En Cierta Ciencia, de la mano de la genetista Josefina Cano nos acercamos, cada quince días, al trabajo de muchos investigadores que están poniendo todo su empeño en desenredar la madeja de esa complejidad que nos ha convertido en los únicos animales que pueden y deben manejar a la naturaleza para beneficio mutuo. Hablamos de historias de la biología.
Siendo muy joven pero ya con la idea clara de que dedicaría su vida a la observación y explicación de la naturaleza, Charles Darwin, en uno de sus continuos paseos por el jardín recolectando animales para clasificarlos y estudiarlos, encontró varios pequeños y novedosos escarabajos. Los atrapó. Listo para entrar en su casa se topó con uno distinto, nunca antes visto y, sin espacio en sus manos y bolsillos lo que hizo fue meterlo en su boca y volar a guardarlo en un frasco de vidrio.
Darwin, observador obsesivo, fue desarrollando su talento y sus ideas apoyándose en su propio trabajo y en sus lecturas.

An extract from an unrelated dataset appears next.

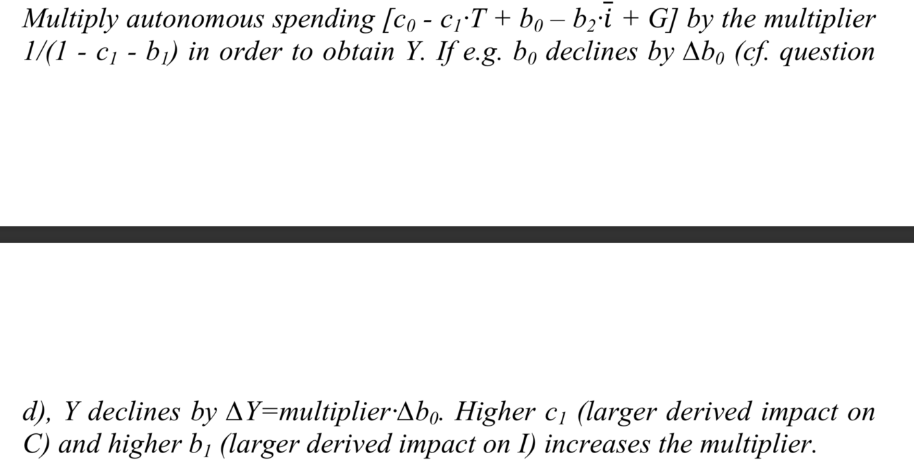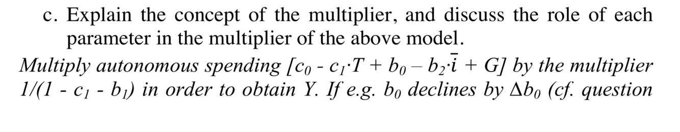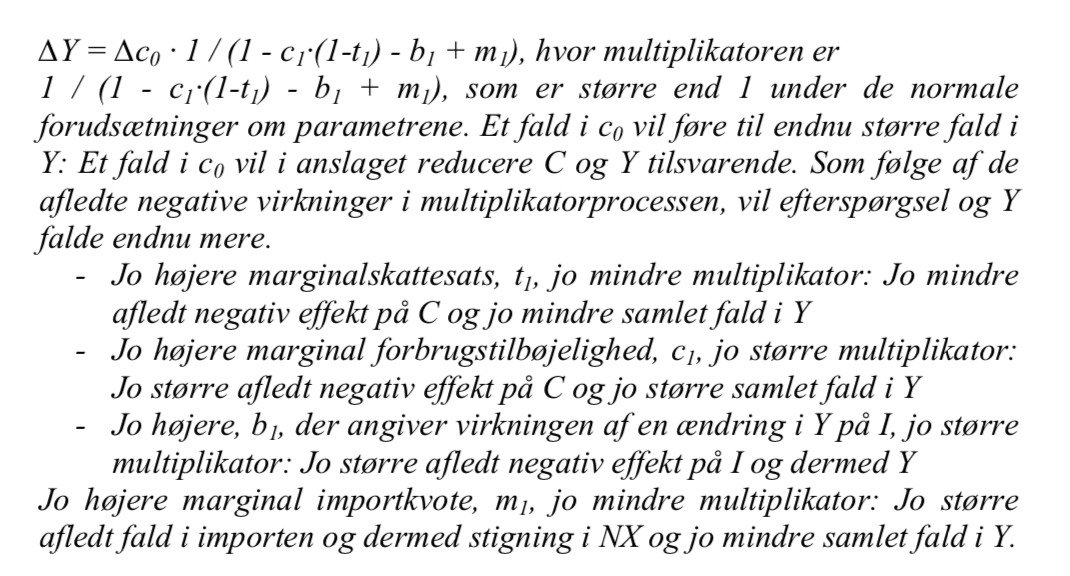 c. Udled virkningen på output af faldet i c0. Forklar i den forbindelse begrebet multiplikator og den betydning, som hver enkelt parameter har for multiplikatoren.
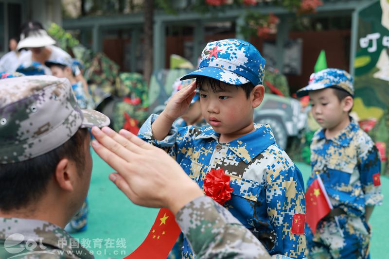 “团结就是力量,这力量是铁,这力量是钢……”午休过后,幼儿园里回荡着孩子们嘹亮的歌声。在教官的带领下,孩子们用稚嫩的嗓音唱响经典军歌,爱国情怀在歌声中进一步升华。

Su viaje por Suramérica, a bordo del legendario Beagle, no ya como un Naturalista, porque no lo era, sino como un científico en entrenamiento, “muy calificado para coleccionar, observar y ofrecer novedades sobre la Historia Natural”, como él mismo lo describió, lo convirtió en ese
hombre grandioso que revolcó con el tiempo todo lo que se pensaba sobre el origen y la diversidad de los seres vivos.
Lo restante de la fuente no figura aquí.